An den Hoyzer-Skandal möchte ich kurz erinnern – es ging um Bestechung und Betrug. Damals war ich beim FCA, bei dem der sympatische Andre Hofschneider spielte. Hofschneider war von Berliner Zeitungen beschuldigt worden „in das Visier der Ermittlungen“ geraten zu sein und ließ sich von der Staatsanwaltschaft bestätigen, dass nicht gegen ihn ermitelt wurde (siehe folgenden Brief).

Spontan habe ich entschieden, diesen ganzen Schrott zu entsorgen und keine Leaks-Geschichten oder andere Märchen mehr zur Kenntnis zu nehmen. Dafür ist das Leben zu kurz. Deshalb noch ein paar positive Erinnerungen:

Während des Revierderbys 1969/1970 in Dortmund wurde der Schalker Friedel Rausch vom Schäferhund Rex gleich zweimal in den Allerwertesten gebissen. Dass Rausch weiterspielen konnte, hatte er einer vom Mannschaftsarzt mitleidslos verabreichten Tetanusspritze zu verdanken. Hinterher plagten Rausch nicht nur Schmerzen im Hintern, sondern auch die dämlichen Kommentare der Kollegen. Die so: „Stell dir vor, der Hund hätte dich vorne gebissen.“ Er so: „Dann hätte der Köter seine Zähne verloren.“

„Zum Glück ist die Mannschaft nach dem Spiel besser ins Spiel gekommen.“ (Andy Brehme)

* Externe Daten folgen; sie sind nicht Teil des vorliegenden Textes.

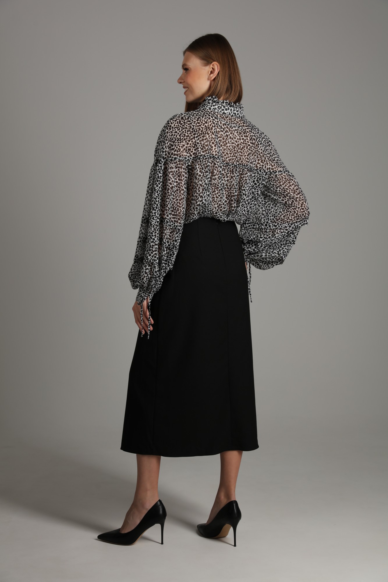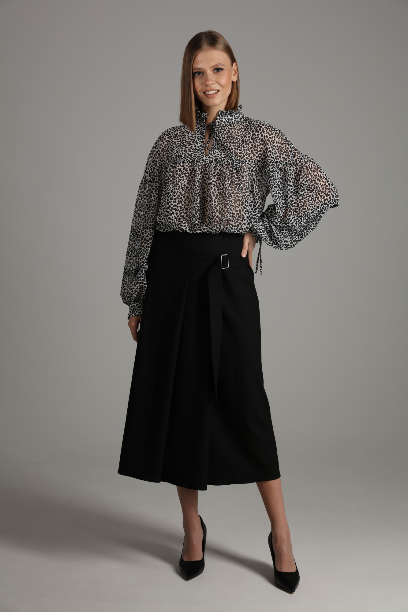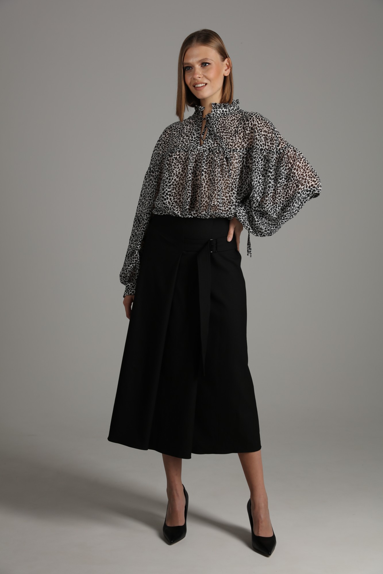 Элегантная юбка миди с запахом полуприлегающего силуэта. Правая часть переднего полотнища с двумя вертикальными односторонними складками и цельнокроеным подбортом. Запах юбки фиксируется поясом с пряжкой. Задняя часть с талиевыми вытачками. Верхний срез юбки обработан обтачками.

Der Historiker Ian Kershaw hatte mit einer großen Kraftanstrengung seine 2000seitige Hitler-Biographie vollendet. „Wir haben Sie das nur durchgehalten?“ wurde er gefragt. Kershaw: „Um den Schlaf bringt es mich nur, wenn Manchester United verliert.“

Bundespräsident Steinmeier spielte ab 11 Jahren Fußball in den Jugendmannschaften seines Heimatortes Brakelsiek.

Für den Sternekoch Tim Raue war Fußball Fluchthilfe vor seinem gewalttätigen Vater.

Das Gefängnis in Uganda ist mit über 3000 Männern völlig überfüllt. Weil sie eine eigene Fußball-Liga organisiert haben, kommen die Männer fast gewaltfrei miteinander aus.

Neulich gehört: Liebe mich, wenn ich es am wenigsten verdiene, weil ich es dann am meisten brauche.

Auf den Fußball übertragen: Unterstütze mich, wenn ich erfolglos bin, weil ich es dann am meisten brauche.